- Occupation: Foley artist
- Known for: Film sound effects
- Awards: Golden Reel Awards for The Dark Knight and The Matrix

= John Roesch =

American Foley artist

John Roesch is an American Foley artist. Roesch is the head Foley artist at Lucasfilm's Skywalker Ranch.

Roesch has provided Foley sound effects for over 400 films, including The Dark Knight, The Dark Knight Rises, the Matrix trilogy, The Green Mile, and E.T. Roesch received a 2013 career achievement award during the Motion Picture Sound Editors’ 60th Golden Reel Awards ceremony.

== Career ==
John Roesch graduated from New York University with a degree in filmmaking and entered the film industry in 1978. He started as a Foley artist working at Gomillion Sound before eventually moving on to Samuel Goldwyn Studios, which was then folded into Warner Hollywood Studios.

John Roesch is responsible for producing many sound effects for film and entertainment.

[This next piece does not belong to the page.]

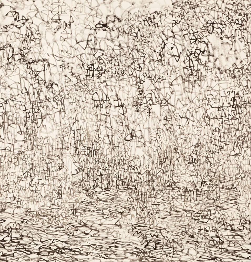 (one of series of twelve) Pigment, paper, and acrylic on canvas, 36” × 45”

His notable sounds include R2-D2 in Star Wars: The Empire Strikes Back, E.T.'s body movements, and the sounds of Trinity’s latex body suit in the film The Matrix.

After working with Warner Hollywood, Roesch moved on to work at Taj Soundworks in 1983. In 1992, he left Taj Soundworks and returned to Warner Hollywood until 2000. He is now the lead Foley artist at Skywalker Ranch. His Foley work on the 2022 TV show Andor led him to receive nominations from the Primetime Emmy and Golden Reel Awards.